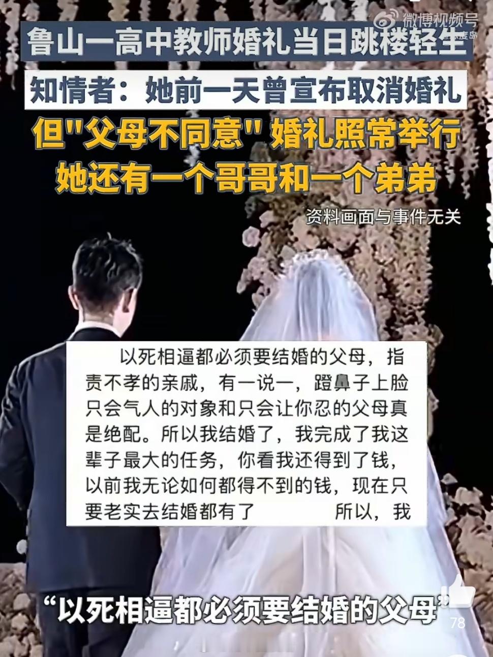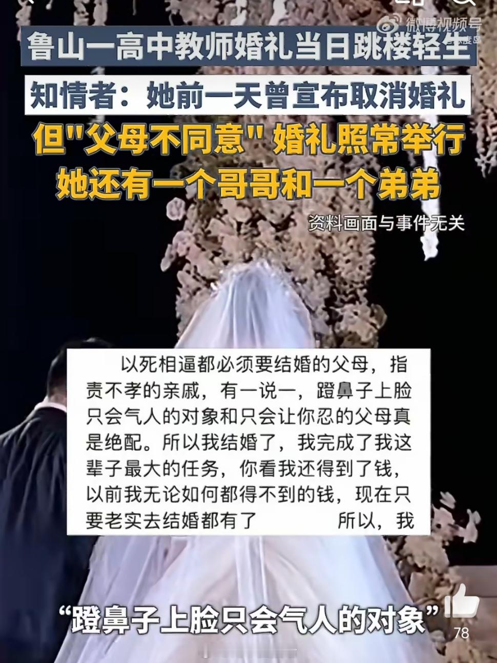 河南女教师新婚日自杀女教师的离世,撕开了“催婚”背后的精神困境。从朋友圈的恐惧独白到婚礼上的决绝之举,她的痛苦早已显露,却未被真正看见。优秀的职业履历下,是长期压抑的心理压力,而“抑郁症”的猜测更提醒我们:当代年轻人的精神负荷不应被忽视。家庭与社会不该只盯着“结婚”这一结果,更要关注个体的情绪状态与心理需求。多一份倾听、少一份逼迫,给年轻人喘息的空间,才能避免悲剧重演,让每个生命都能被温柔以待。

------------------------------------------------

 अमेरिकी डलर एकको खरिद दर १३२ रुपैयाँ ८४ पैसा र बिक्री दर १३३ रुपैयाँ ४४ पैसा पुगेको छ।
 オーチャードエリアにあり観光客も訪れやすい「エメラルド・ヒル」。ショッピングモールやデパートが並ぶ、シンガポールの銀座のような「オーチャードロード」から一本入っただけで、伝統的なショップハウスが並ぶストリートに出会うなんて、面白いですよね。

------------------------------------------------

#### [Your objective]
From the records above, retype only the lines starting at the line that contains "अमेरिकी डलर एकको" and ending at the line that contains "オーチャードエリアにあり観光", both included.

#### [Answer section]
 अमेरिकी डलर एकको खरिद दर १३२ रुपैयाँ ८४ पैसा र बिक्री दर १३३ रुपैयाँ ४४ पैसा पुगेको छ।
 オーチャードエリアにあり観光客も訪れやすい「エメラルド・ヒル」。ショッピングモールやデパートが並ぶ、シンガポールの銀座のような「オーチャードロード」から一本入っただけで、伝統的なショップハウスが並ぶストリートに出会うなんて、面白いですよね。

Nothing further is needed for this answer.